# Sad Emerald Coast GRR story...



## GoldenJoyx'stwo (Feb 25, 2007)

That makes me sick!


----------



## TheHooch (May 9, 2007)

Good God they all need to be fired. At least maybe their next few months pay chacks need to be ignored.

Hooch


----------



## Brandy's Mom (Oct 5, 2005)

That makes me sick to my stomach.


----------



## AquaClaraCanines (Mar 5, 2006)

I saw this. And it's why I was double puzzled when somebody up there in that area told me to just have those people dump their male Golden at the shelter, bc he'd be sprung. Um. No thanks.


----------



## Old Gold Mum2001 (Feb 25, 2007)

Ya know, WHY??? Why does this have to happen? Once upon a time "before computers", there were dog adoptions, wonder how they managed all that way back when????

Other thing, horrid thing, I was thinking was, What if they didn't PTS but actually gave to lab/vet office or something.

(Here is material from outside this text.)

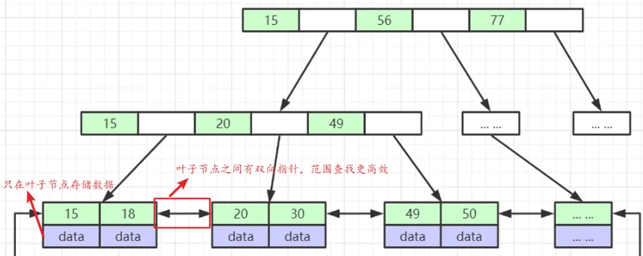 对于B+ 树,我们假设要查找50这个数据,先从根节点即(15 56 77) 这些数据中找到50所处的范围,因为 (15 56 77) 已经是有序的,可以根据二分查找算法找到 50 处于 15--56之间, 然后加载 15 所指向的下一页数据 (15 20 49),再次根据二分查找算法,找到50处于 49之后,再从磁盘加载49所指向的数据页,找到50

Years ago there was a rescue that tried to get a golden away from a vet office b/c it stayed there 24/7, and was used for blood 

Just makes me wonder 

Yup, Kim, I too, think out loud, lol 

Tween hearing this one, and the other sweet one recently being PTS, I just don't know. Sorry, didn't mean to bum anyone out more.


----------



## Sunshine Goldens (Oct 31, 2005)

AquaClaraCanines said:


> I saw this. And it's why I was double puzzled when somebody up there in that area told me to just have those people dump their male Golden at the shelter, bc he'd be sprung. Um. No thanks.


Although there may be shelters who are good, how do you know? I hesitate to have any dog brought to a shelter if it can be helped, not only because they WILL be at risk for being PTS if they get crowded, but also the risk of exposure to illnesses - kennel cough is so prevalent in shelters. 

I also think about the money spent on that dog. If rescue can take a dog without it having to go to a shelter, it saves money for maybe a dog who can't get into rescue - so at least that dog has a chance, even if slim of getting adopted.


----------



## AquaClaraCanines (Mar 5, 2006)

Agreed... totally.


----------



## Sunshine Goldens (Oct 31, 2005)

Old Gold Mum2001 said:


> Ya know, WHY??? Why does this have to happen? Once upon a time "before computers", there were dog adoptions, wonder how they managed all that way back when????
> 
> Other thing, horrid thing, I was thinking was, What if they didn't PTS but actually gave to lab/vet office or something.
> 
> ...


You are so right! Suddenly paper and pen are completely obsolete?? Ridiculous. I don't even want to think about the blood thing...we had one in rescue who was being used as a "donor" too. ugh.


----------



## mylissyk (Feb 25, 2007)

Oh, this makes me so sick and mad and sad. 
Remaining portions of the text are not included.